My research focuses on better understanding the social and pragmatic nature of conversation, and using this understanding to build computational systems that improve the efficacy of conversation both between people, and between people and computers. In order to pursue these goals, I invoke approaches from computational discourse analysis and text mining, conversational agents, and computer-supported collaborative learning. I ground my research in the fields of language technologies and human-computer interaction, and am fortunate to work closely with students and post-docs from the LTI and the Human-Computer Interaction Institute, as well as to direct my own lab, TELEDIA. My group’s highly interdisciplinary work, published in 160 peer-reviewed publications, is represented in the top venues in five fields: language technologies, learning sciences, cognitive science, educational technology and human-computer interaction.
An exciting direction of my group's work is spearheading a satellite working group to support social interaction for learning in MOOCs with EdX called DANCE. My research toward this end has birthed and substantially contributed to the growth of two thriving interrelated research areas: automated analysis of collaborative learning processes and dynamic support for collaborative learning. Both areas use intelligent conversational agents to support collaborative learning in a context-sensitive way.

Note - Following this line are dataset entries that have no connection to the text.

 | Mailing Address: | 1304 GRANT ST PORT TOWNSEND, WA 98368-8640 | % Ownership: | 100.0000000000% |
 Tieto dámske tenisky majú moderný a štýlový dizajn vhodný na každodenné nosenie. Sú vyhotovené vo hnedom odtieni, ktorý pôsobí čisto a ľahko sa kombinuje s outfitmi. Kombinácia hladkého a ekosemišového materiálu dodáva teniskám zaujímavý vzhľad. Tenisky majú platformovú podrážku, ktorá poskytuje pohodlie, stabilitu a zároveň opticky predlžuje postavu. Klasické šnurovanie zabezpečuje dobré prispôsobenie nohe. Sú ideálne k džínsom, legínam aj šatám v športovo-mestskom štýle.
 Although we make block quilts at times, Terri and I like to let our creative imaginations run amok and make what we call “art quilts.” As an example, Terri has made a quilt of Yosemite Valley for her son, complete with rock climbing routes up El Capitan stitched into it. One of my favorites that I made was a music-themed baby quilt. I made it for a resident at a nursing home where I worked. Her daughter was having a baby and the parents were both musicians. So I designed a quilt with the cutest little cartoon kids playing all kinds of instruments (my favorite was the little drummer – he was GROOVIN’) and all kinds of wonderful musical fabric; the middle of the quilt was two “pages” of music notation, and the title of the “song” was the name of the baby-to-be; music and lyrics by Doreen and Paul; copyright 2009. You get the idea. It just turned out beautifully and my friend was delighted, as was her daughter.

All of my work draws insight from rich theoretical models from sociolinguistics and discourse analysis, and pares them down to precise operationalizations that capture the most important essence for achieving impact. I always start by investigating how conversation works and formalizing this understanding in models that are precise enough to be reproducible and that demonstrate explanatory power in connection with outcomes with real-world value. The next step is to adapt, extend and apply machine learning and text mining technologies that leverage this deep understanding to build computational models capable of automatically applying these constructs to naturally occurring language interactions. Finally, with the technology to automatically monitor naturalistic language communication in place, we can build interventions with real-world benefits.

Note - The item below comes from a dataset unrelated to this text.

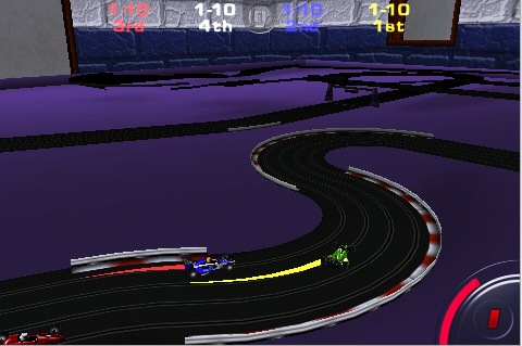 SlotZ Racer, infatti, permette fino a quattro giocatori di sfidarsi su uno stesso iPhone, essendo presente un solo pulsante di controllo per il gioco, che comanda l’accelerazione.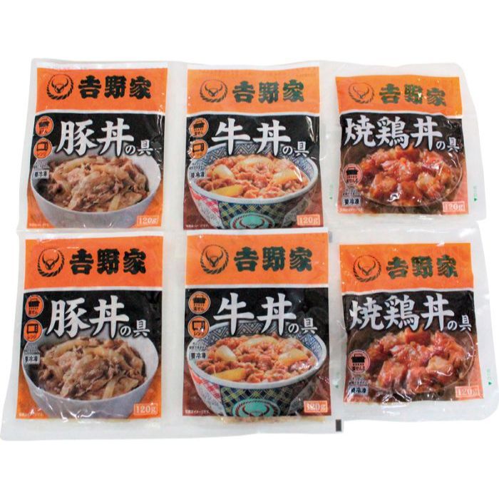 門外不出の吉野家秘伝の味をご家庭でお楽しみいただけます。吉野家が目指してきた味は、しっかりした、まろやかなタレの味です。門外不出の吉野家秘伝の味をご家庭でお楽しみください。100年にわたる経験と努力の結晶である吉野家 牛丼の具。「牛丼のタレ」をベースに豚肉の旨みを引き出した豚丼の具。一味違う豚丼をこの機会にご賞味ください。焼鶏丼の具は、特製タレで鶏肉を香ばしく焼き上げました。アツアツご飯に盛り付けて、温泉卵をトッピングしても良し!お皿に盛り付けて、おつまみとしても良し! *調理方法:レンジ、湯煎対応。(焼鶏丼はレンジ不可)牛丼の具・豚丼の具・焼鶏丼の具(各120g)×各2賞味期間:1年アレルゲン:小麦 ◆沖縄・北海道・離島・一部地域へのお届けはお受けできません。 ◆代金引換によるお支払いはできません。 ◆メーカーより直送となりますので、他の商品とは同梱できません。本商品のみでご注文ください。 ◆ご注文後のキャンセル、ご変更は一切お受けできません。万一、発送後のキャンセルをされた場合、往復の送料をご負担頂きます。 ◆お届けの日時指定、運送会社の指定ができません。 ◆発送後、翌営業日中にお荷物伝票番号をメールにてご連絡いたします。

This approach leads to three aspects included in each project:
- Basic research on discourse analysis to identify conversational constructs that predict important group outcomes such as learning, knowledge transfer or motivation.

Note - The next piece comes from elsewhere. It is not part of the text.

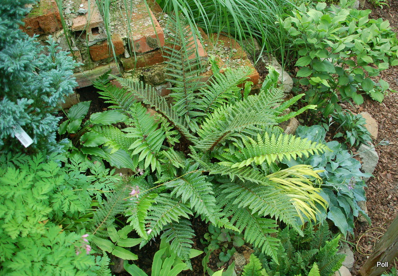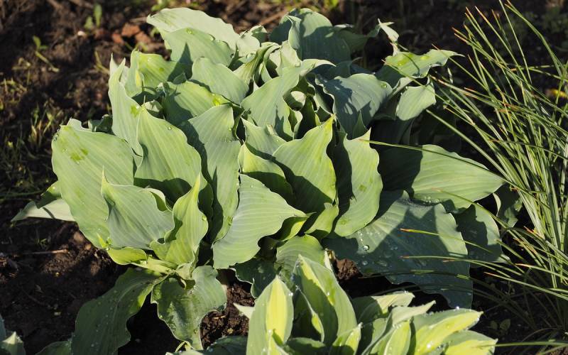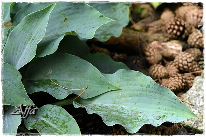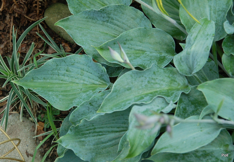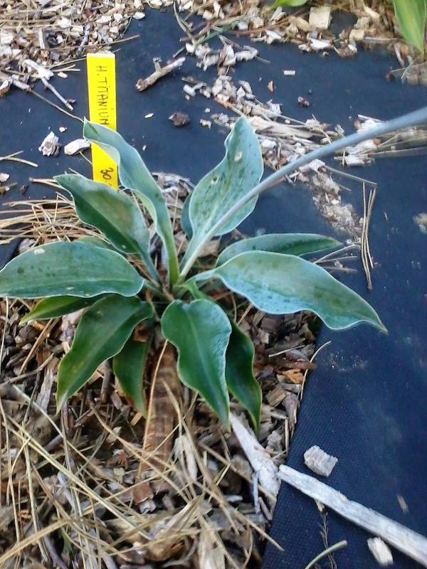 Hosta Titanium, nie osiągając olbrzymich rozmiarów na swoim starym miejscu, nieco się gubiła, więc została przeniesiona na początku tego sezonu na nieco bardziej eksponowane miejsce. Dodatkowo, swoim niebieskim kolorem miała ożywić trochę zbyt zielone nasadzenia na stoku paprociowym. Dobrze się na tym miejscu zaaklimatyzowała i choć jej wzrost nie jest duży, jest dobrze widoczna dzięki sporej szerokości kępy.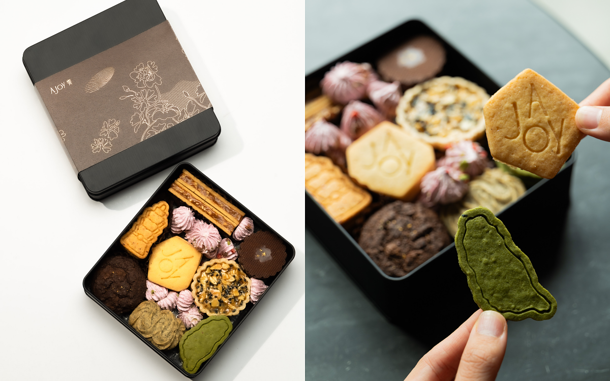 饗 A Joy 的『寶島臻選餅乾禮盒』從藝術到味覺,延續創作語彙中「祝福」的精神,讓歲末的每一次相聚都成為一場味覺與感官的慶典。節慶限定禮盒延續〈採花 Gathering Blossoms〉的概念,從藝術家的作品中擷取花卉與贈禮意象,轉化為可品嚐的「味覺風景」。饗 A Joy 以「風土、形象與情感的延續」為題,將台灣在地食材、建築語彙與節慶氛圍融入餅乾設計,讓一盒餅乾成為島嶼文化的縮影——從視覺造型到味覺層次,都承載著祝福與記憶。

- Basic research on text classification technology for automated analysis of conversational constructs identified under research on discourse analysis, as well as tools to enable other researchers to do the same.
- Basic research on conversational agent technology and summarization that eases development of interventions triggered by automatic analyses from basic research on text classification that either enables human facilitators to offer support, directly provide feedback to groups or influence group participation in positive ways.